What you should do
All of the data should be reproduced word for word, though its pictures must be omitted.

Dataset extract
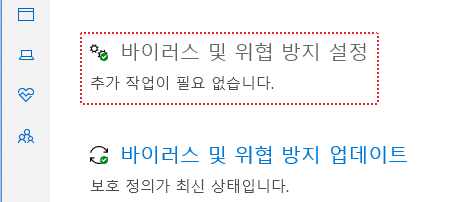 알약, V3 등 백신프로그램이 설치없이 Windows Defender를 사용하고 있는 상태일 것입니다.
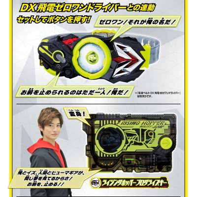 「ライジングホッパープログライズキー ゼロワンリアライズver.」は、「変身ベルト DX飛電ゼロワンドライバー」(別売り)にセットすると、仮面ライダーゼロワン リアライジングホッパーへの変身音が発動します。
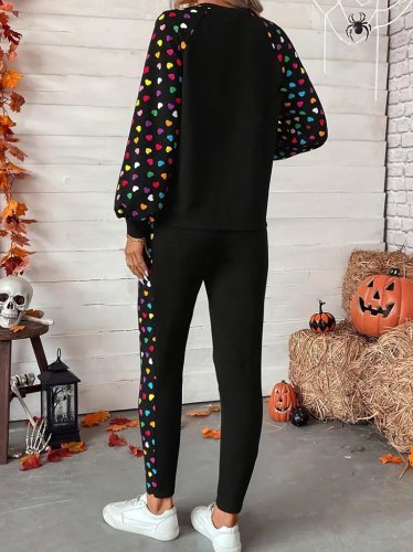 Dwuczęściowy garnitur damski z długim rękawem, okrągłym dekoltem, wzorzystą bluzką i spodniami z wiskozy
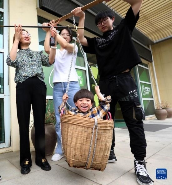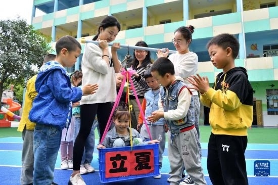 5月5日,河南省濟源市第一幼兒園的孩子體驗立夏習(xí)俗。
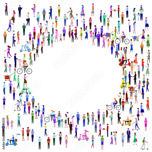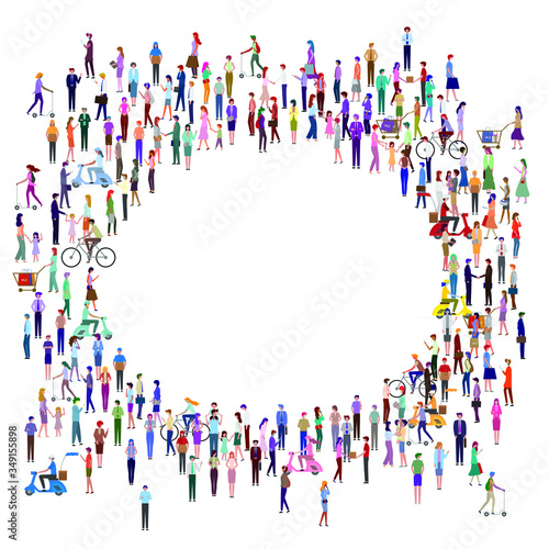 Большая группа людей, образующих рамку в форме человеческого сердца, стоящих вместе, плоская векторная иллюстрация. Собирается толпа людей. Любовь, признательность, социальная общность.
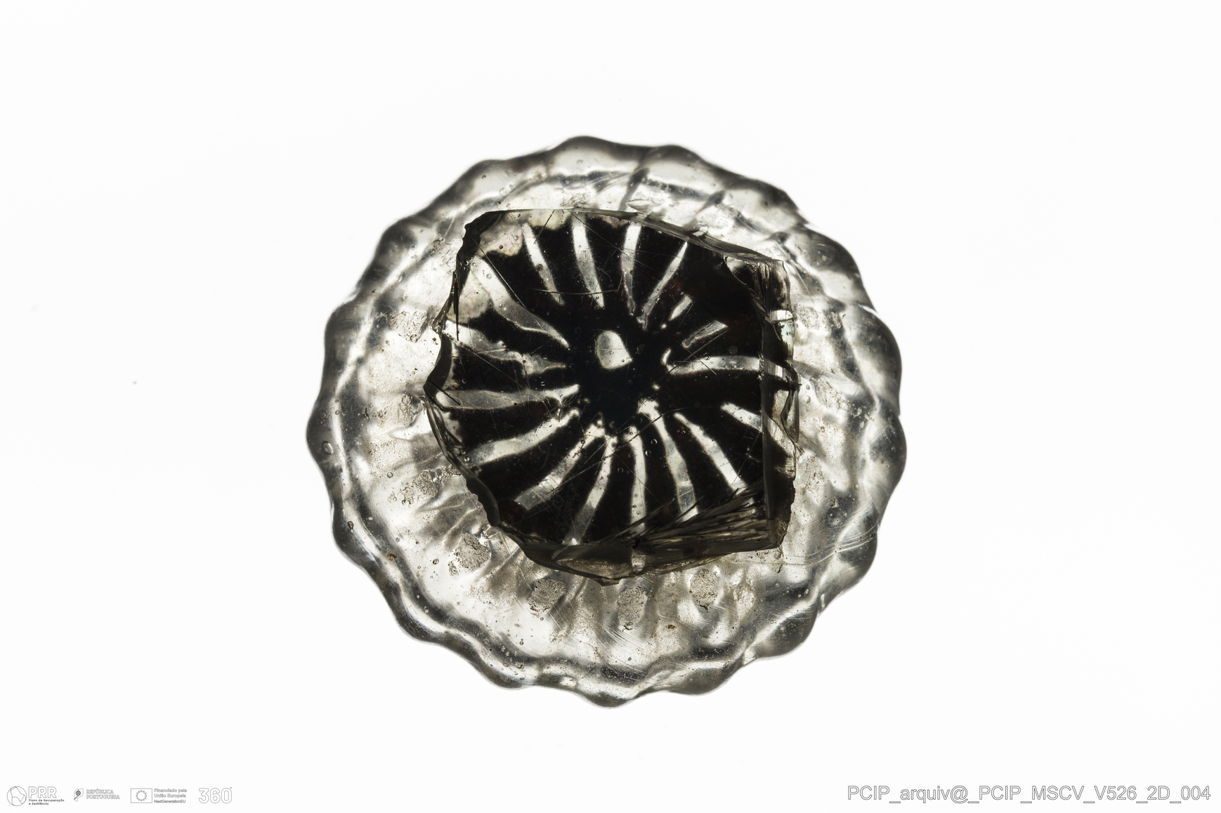 Matéria/Técnica: Vidro; Cronologia: Século XVII; Autoria: Desconhecida; Dimensões: Largura: 38mm; Altura: 25mm.

Solved exercise
 알약, V3 등 백신프로그램이 설치없이 Windows Defender를 사용하고 있는 상태일 것입니다.
 「ライジングホッパープログライズキー ゼロワンリアライズver.」は、「変身ベルト DX飛電ゼロワンドライバー」(別売り)にセットすると、仮面ライダーゼロワン リアライジングホッパーへの変身音が発動します。
 Dwuczęściowy garnitur damski z długim rękawem, okrągłym dekoltem, wzorzystą bluzką i spodniami z wiskozy
 5月5日,河南省濟源市第一幼兒園的孩子體驗立夏習(xí)俗。
 Большая группа людей, образующих рамку в форме человеческого сердца, стоящих вместе, плоская векторная иллюстрация. Собирается толпа людей. Любовь, признательность, социальная общность.
 Matéria/Técnica: Vidro; Cronologia: Século XVII; Autoria: Desconhecida; Dimensões: Largura: 38mm; Altura: 25mm.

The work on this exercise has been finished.